- WHAT IS EXPECTED:
Using the data below, transcribe exactly everything from the line that contains "Step into timeless" down to the line that contains "Homologated by the". Include both of those lines and none of the pictures.

- AVAILABLE RECORDS:
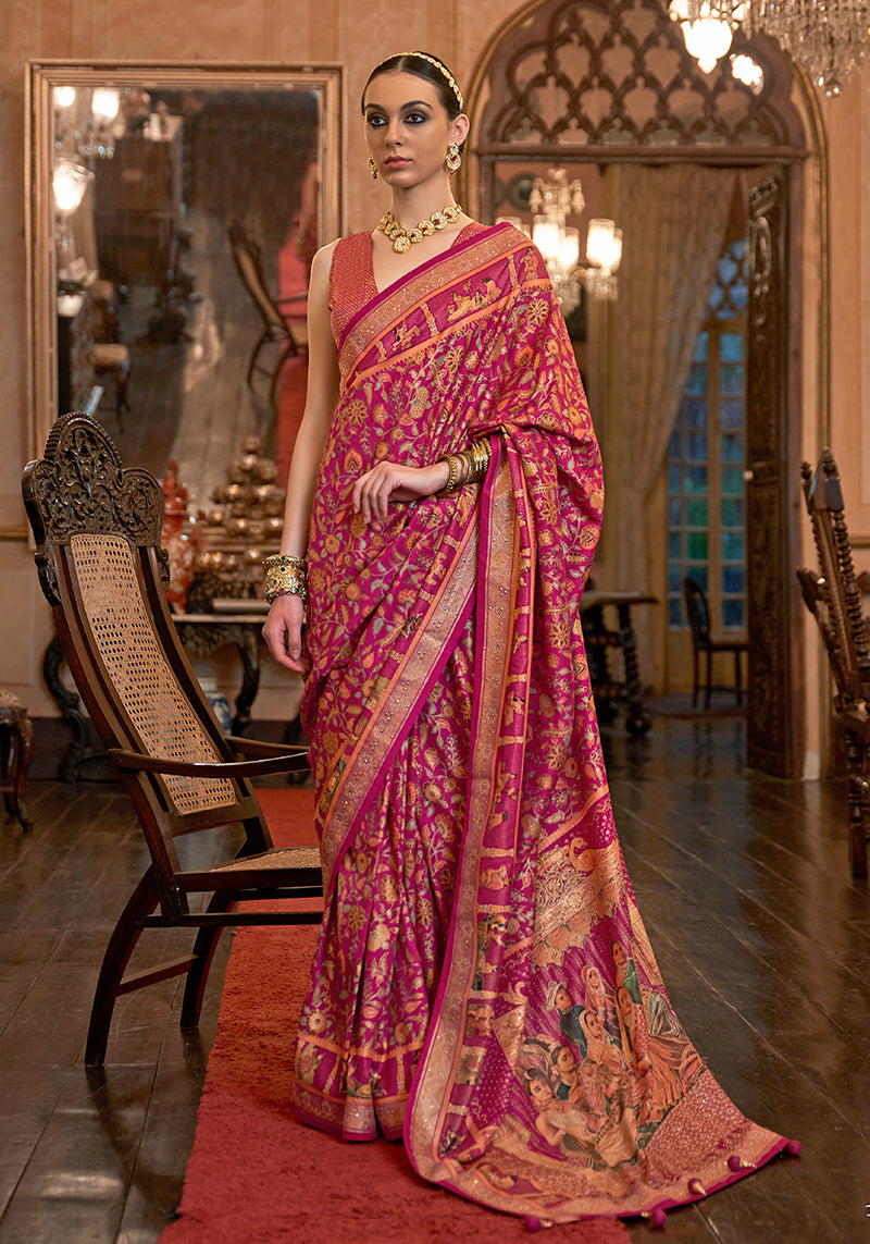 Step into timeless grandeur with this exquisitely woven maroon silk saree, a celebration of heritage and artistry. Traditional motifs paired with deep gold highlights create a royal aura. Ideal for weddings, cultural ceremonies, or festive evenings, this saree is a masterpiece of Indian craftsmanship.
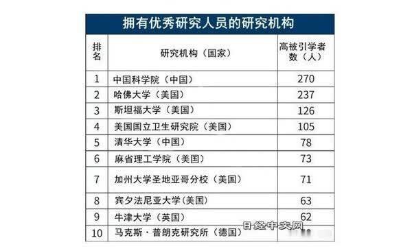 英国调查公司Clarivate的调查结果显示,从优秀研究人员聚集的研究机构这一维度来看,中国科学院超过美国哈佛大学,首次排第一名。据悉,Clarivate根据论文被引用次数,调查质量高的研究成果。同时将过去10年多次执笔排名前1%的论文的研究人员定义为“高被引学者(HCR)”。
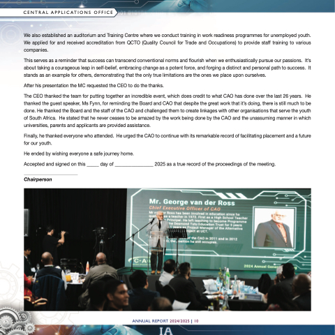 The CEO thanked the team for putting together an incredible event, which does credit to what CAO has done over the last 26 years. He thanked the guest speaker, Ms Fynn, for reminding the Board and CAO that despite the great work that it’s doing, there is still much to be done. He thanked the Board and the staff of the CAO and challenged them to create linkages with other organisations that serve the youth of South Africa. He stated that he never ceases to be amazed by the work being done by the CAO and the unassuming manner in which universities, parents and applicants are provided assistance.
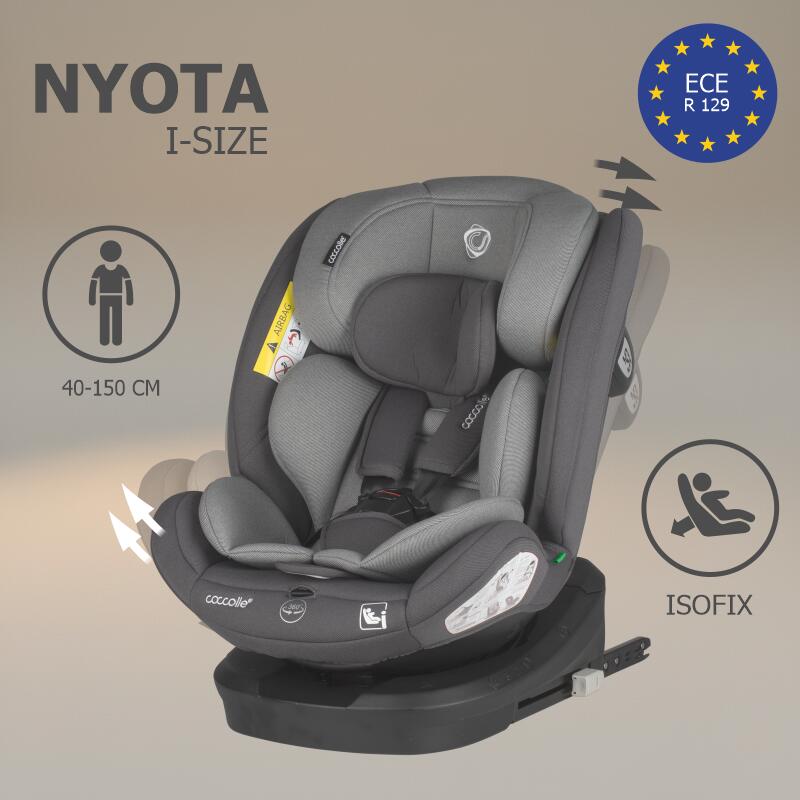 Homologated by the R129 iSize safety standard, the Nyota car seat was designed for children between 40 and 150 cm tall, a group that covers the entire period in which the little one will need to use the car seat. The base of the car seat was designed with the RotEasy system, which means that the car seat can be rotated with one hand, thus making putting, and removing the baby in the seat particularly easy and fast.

...

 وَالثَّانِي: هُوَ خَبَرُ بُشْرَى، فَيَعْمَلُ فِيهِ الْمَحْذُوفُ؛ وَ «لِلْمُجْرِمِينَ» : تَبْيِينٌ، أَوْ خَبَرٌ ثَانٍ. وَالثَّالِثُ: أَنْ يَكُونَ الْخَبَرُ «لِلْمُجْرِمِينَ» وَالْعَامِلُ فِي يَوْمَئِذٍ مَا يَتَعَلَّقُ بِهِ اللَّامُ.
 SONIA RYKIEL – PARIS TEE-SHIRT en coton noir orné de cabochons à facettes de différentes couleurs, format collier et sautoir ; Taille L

==

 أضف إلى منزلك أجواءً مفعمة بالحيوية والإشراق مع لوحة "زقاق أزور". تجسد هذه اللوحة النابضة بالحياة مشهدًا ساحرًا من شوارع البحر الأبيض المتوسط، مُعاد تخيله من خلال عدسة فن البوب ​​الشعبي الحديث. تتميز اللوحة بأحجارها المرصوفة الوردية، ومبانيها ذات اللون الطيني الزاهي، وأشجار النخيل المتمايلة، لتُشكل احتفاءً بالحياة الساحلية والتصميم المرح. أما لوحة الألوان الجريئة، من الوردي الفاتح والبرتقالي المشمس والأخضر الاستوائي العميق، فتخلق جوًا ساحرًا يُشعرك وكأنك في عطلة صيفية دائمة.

- EXERCISE ANSWER:
 Step into timeless grandeur with this exquisitely woven maroon silk saree, a celebration of heritage and artistry. Traditional motifs paired with deep gold highlights create a royal aura. Ideal for weddings, cultural ceremonies, or festive evenings, this saree is a masterpiece of Indian craftsmanship.
 英国调查公司Clarivate的调查结果显示,从优秀研究人员聚集的研究机构这一维度来看,中国科学院超过美国哈佛大学,首次排第一名。据悉,Clarivate根据论文被引用次数,调查质量高的研究成果。同时将过去10年多次执笔排名前1%的论文的研究人员定义为“高被引学者(HCR)”。
 The CEO thanked the team for putting together an incredible event, which does credit to what CAO has done over the last 26 years. He thanked the guest speaker, Ms Fynn, for reminding the Board and CAO that despite the great work that it’s doing, there is still much to be done. He thanked the Board and the staff of the CAO and challenged them to create linkages with other organisations that serve the youth of South Africa. He stated that he never ceases to be amazed by the work being done by the CAO and the unassuming manner in which universities, parents and applicants are provided assistance.
 Homologated by the R129 iSize safety standard, the Nyota car seat was designed for children between 40 and 150 cm tall, a group that covers the entire period in which the little one will need to use the car seat. The base of the car seat was designed with the RotEasy system, which means that the car seat can be rotated with one hand, thus making putting, and removing the baby in the seat particularly easy and fast.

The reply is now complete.